The Concerned Women for America, in support of the Catholic groups, argue that although claiming to act for the benefit of women, the ACA infringes on women's ability to freely exercise their religion because non-compliance with the mandate would result in steep penalties. See Brief of Amicus Curiae Concerned Women for America, in Support of Petitioners at 2–4. The Concerned Women for America further argue that many women who seek to protect the constitutional guarantee of free exercise of religion  are burdened by the requirements of the ACA. See id. at 4.

The American Humanist Association, on the other hand, argues that women have unique healthcare needs that include contraceptive services and that Congress amended the ACA to provide those much-needed services to women. See Brief of American Humanist Association at 17. The American Humanist Association further argues that because the government has a compelling interest to provide these preventive care services to women, public health concerns cannot be subordinated to religious interests. See id. at 20. The American Civil Liberties Union (“ACLU”), in support of the government, argues that society and the courts have steadily moved towards dismantling the use of religious defenses to engender discrimination against women. See Brief of Amici Curiae American Civil Liberties Union et al., in Support of Respondents at 26–27. The ACLU further contends that by ruling in favor of the Catholic groups, the Court would defeat the laws designed to transform the lives of women and ensure that women can participate equally in society. See id. at 28–30.

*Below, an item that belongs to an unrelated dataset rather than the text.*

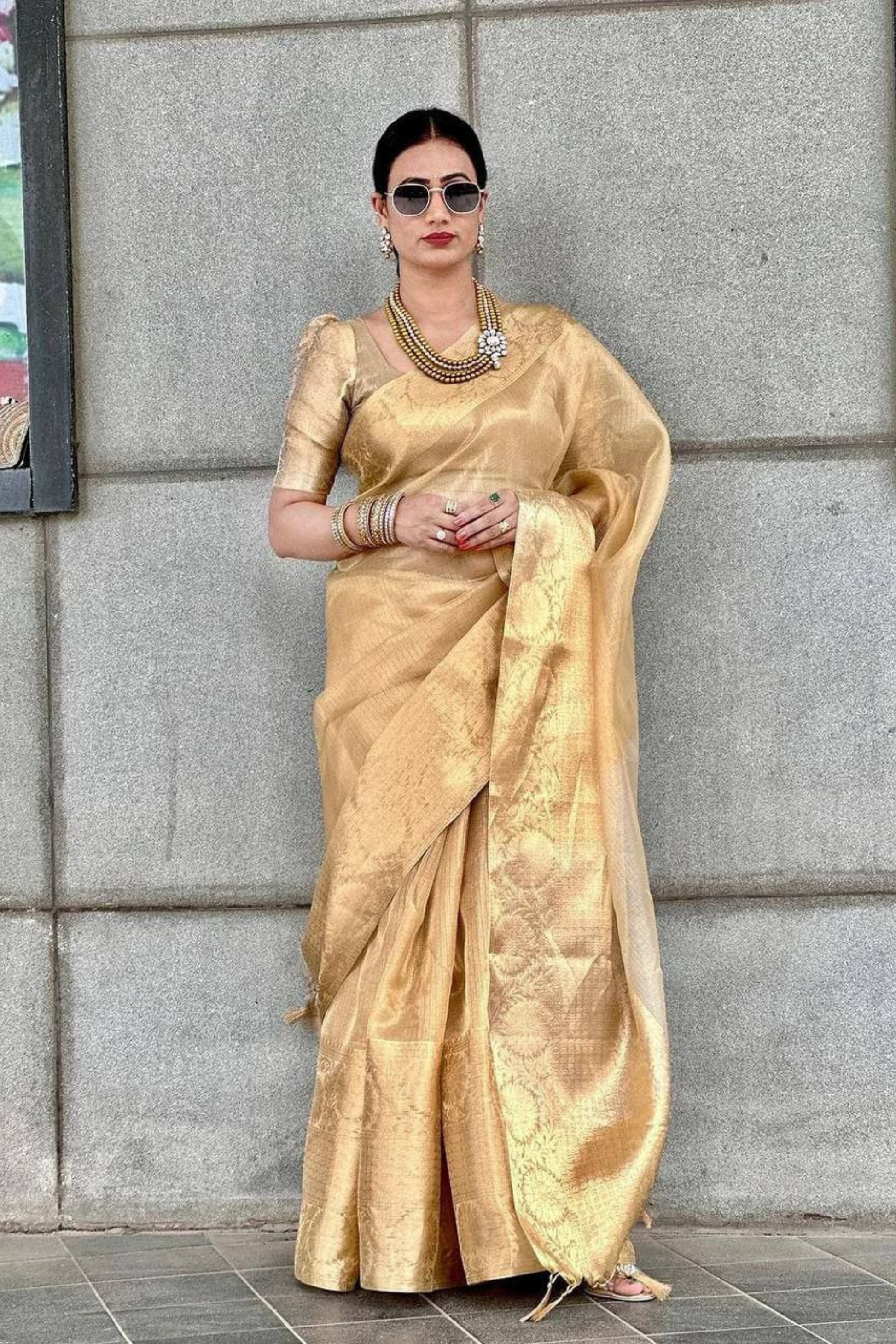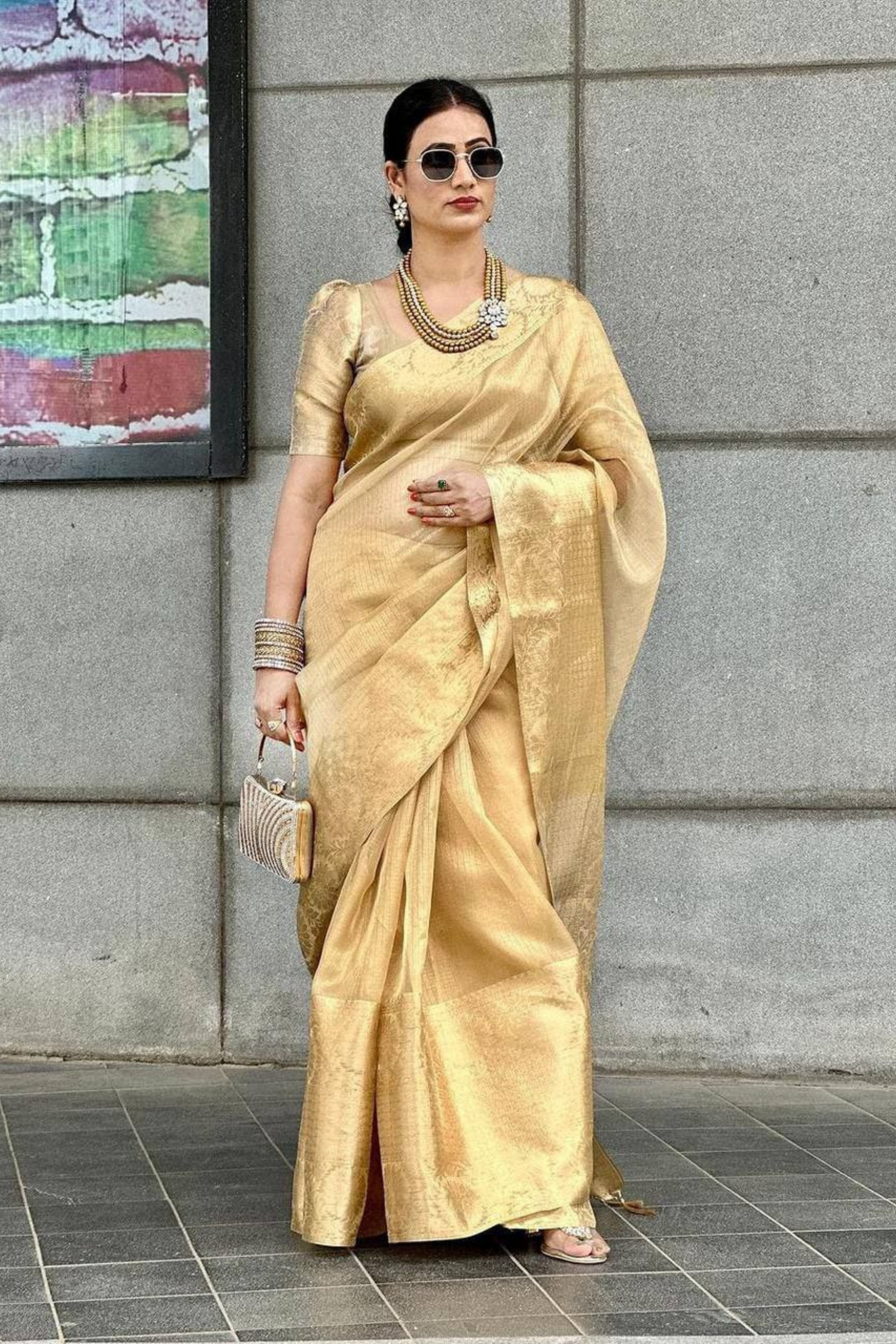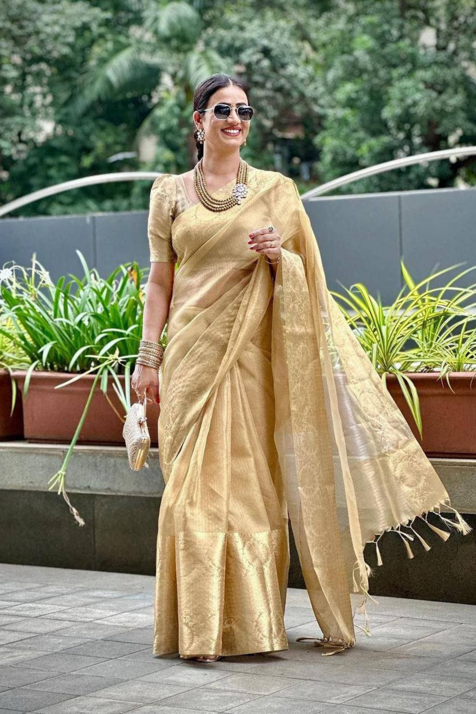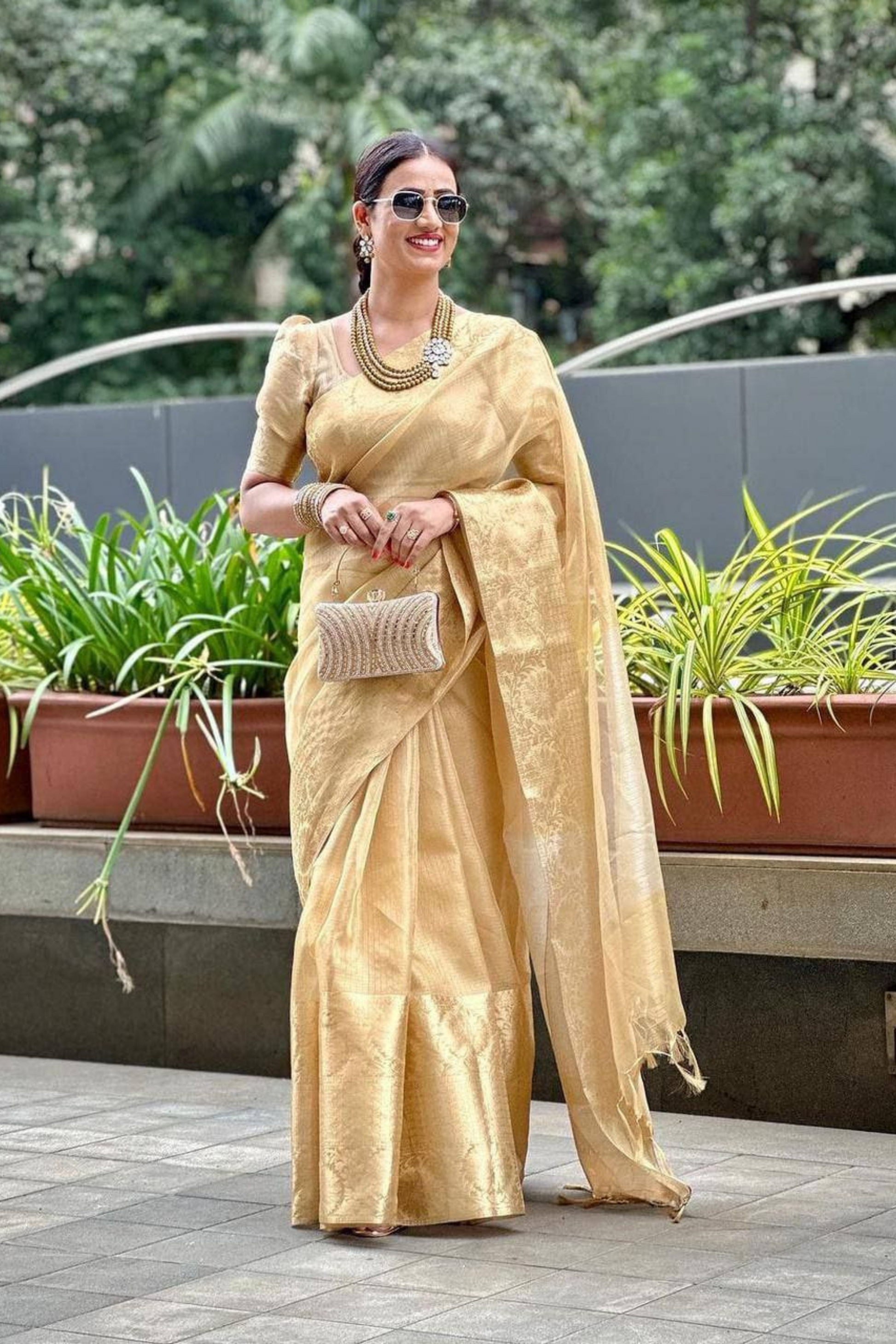 The saree radiates sophistication and charm, crafted meticulously in pure cotton silk. With its regal golden hue, adorned with intricate zari weaving and a subtle textured border, this saree reflects timeless elegance. Perfect for weddings, festive occasions, and cultural celebrations.

Bart Stupak, a former Congressman, and the Center for Constitutional Jurisprudence (collectively, “the Center”) argue that preventive care, as defined by federal law, does not include the provision of contraceptives and abortion-inducing drugs. See Brief of Amici Curiae Bart Stupak and the Center for Constitutional Jurisprudence, in Support of Petitioners at 9–10. The Center also contends that Congress has the authority to determine what constitutes a compelling interest and therefore, the HHS, by attempting to redefine what constitutes a compelling interest and the policy objectives of the government, exceeds its authority as an agency. See id. at 27–28.

The American Humanist Association, in support of the government, counters that for particularly those laws that affect public health and general welfare, the government may not have any “least restrictive means” through which it can achieve its objectives without burdening the exercise of religion. See Brief of American Humanist Association at 21. The American Humanist Association further argues that according to the Court’s precedents, the protection of public health is a more compelling interest than any other competing interest, including religious objections, and therefore, women's reproductive health should not be subject to religious influences. See id. at 15–22.


The Catholic groups argue that the mandate to provide contraceptive coverage prevents them from offering health coverage to their employees in a manner consistent with their faith. See Brief for Petitioners, David Zubik et al. at 19. The Catholic groups further argue that the requirement has been imposed without proof that the mandated coverage cannot be achieved through alternative means. See id. at 52. The government counters that the objections of these religious organizations are not a burden RFRA recognizes, and will frustrate the government’s compelling interest in protecting the health of all female employees. See Brief for Respondents, Sylvia Burwell at al. at 26. The Court’s decision in this case will define the extent of the ACA’s religious exemption, and the limits of the First Amendment protections afforded under RFRA. See Brief for Brief for Petitioners at 35.